The Rear End

Can You Believe It's Magic?

summertime in Wisconsin is a season of many wonders

Mike Paulus, illustrated by Sarah Denis |

I know it’s summer – and not because some dumb calendar told me so. I know it’s summer because Wisconsin has passed through the rain of spring, softly enduring its time of blooming, emerging on the other side all lush and green.

We’ve got lush for days up in here. Green fields and trees branches heavy with their velvety leaves.

And I know it’s summer because here we are at the tail end of June, when Wisconsin gathers up all her beauty and all her lush-powered goodness and focuses all that sunshiny wholesomeness into her one, true purpose.

This purpose? To make me sweat like a grizzly bear wearing leather pants who just ate a large spaghetti dinner while slumped in a tin roofed shed built in the middle of shopping mall parking lot at high noon.

The bear is hot, is what I’m saying. The bear is hairy. And the bear sweats.

But summer opens up to me like a gentle flower in other ways, as well.

I hate sun block, and summer knows it. That’s why summer tries to burn my beautiful, pale skin every damn day, sunup to sundown. I can’t just leap out my front door and frolic down the bright sidewalk. No, no. First I must apply the Dread Lotion.

Listen, I wouldn’t trade my rickety hulking man arms for anything, but smearing sun block all over my forearms is not fun. It’s like smearing sunblock all over a really handsome dog. It takes many, many minutes of scrubbing just to penetrate the outer coat of fur. And when I’ve finally finished, my hands are slathered in greasy goo, so when I try to grab the bottle of sun block it shoots from my grip like a slimy missile and lands behind the toilet every single time.

Thanks, summer. Keep up the good work.

I also know it’s summer because my wife asks me to go for walks with much greater frequency. Now, I know that I’ll enjoy these walks. I always do. My wife has a 100 percent success rate in suggesting activities I’ll like or even love, despite my many hesitations. So when she wants to get outside to stroll through the neighborhood, trailing after a billowing summer breeze as the sun sets and leaves behind a deep purple sky ... I get all grumpy and drag my feet like an enraged toddler leaving a toy store. 
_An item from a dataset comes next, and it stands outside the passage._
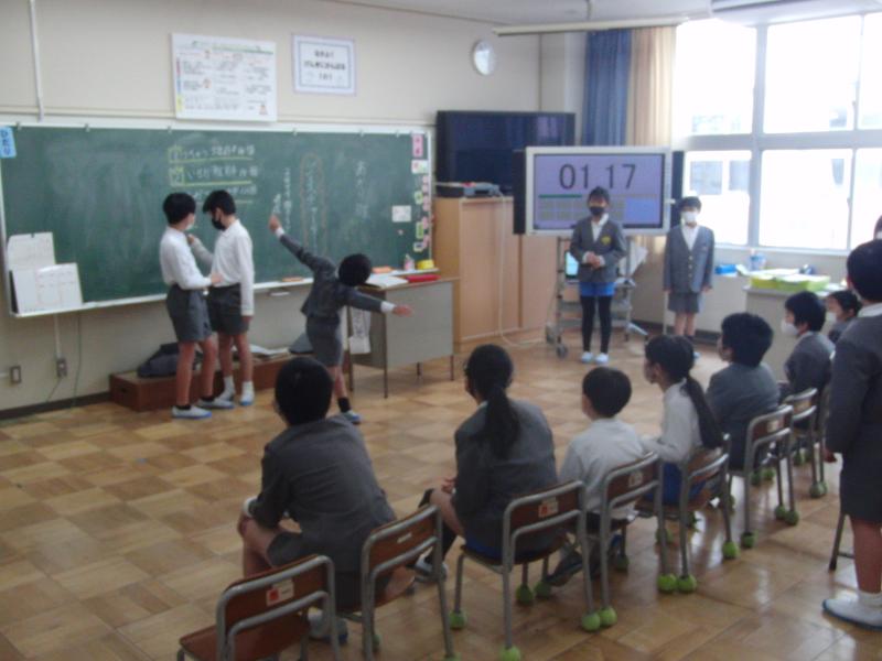 次にロールプレイを行い、さわやかさんの伝え方を練習しました。やってみた後は「気持ちがすっきりした。」「自分も相手もいい気持ちになる。」と子どもたちは話し、さわやかさんの伝え方のよさを実感していました。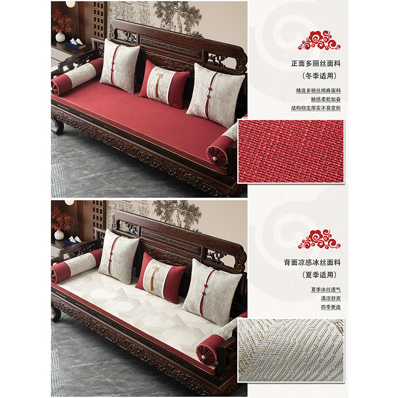 新中式实木沙发垫定制罗汉床座椅垫四季双面两用冰丝红木海绵坐垫

But summer calls to her. And when it does, we answer. All of us.

And finally, I know it’s summer because once I’m finally walking down the sidewalk, holding my wife’s hand and trying to stumble along with her elegant strides, I see the fireflies. The sky grows dim and there they are, flittering along the edges of everything.

We love fireflies. Of course we do.

My kids will stop goofing around and stand silent, watching for the little dancing lights popping on and off here and there. By those lilacs. By that doorstep. Up in that tree.

They appear from behind some black curtain, showing themselves for only a moment or two before vanishing again. A tiny magic act.

Watch closely now ... poof.

We know how the trick works. It’s a chemical reaction in their bellies, causing a luminous reaction in our hearts – from where all the best magic comes.

It’s science. But science that’s as good as or better than magic. So why don’t we just call it magic? Let’s do it. Let’s call fireflies magic. We’ve studied them, we understand them, and we can explain them. But they’re still amazing, so we can call them magic if we want to, can’t we?

This is a magic of the most basic kind. A magic of the most hopeful kind. A small wonder, out there in the summer dark.

A little bit of light winking back at us.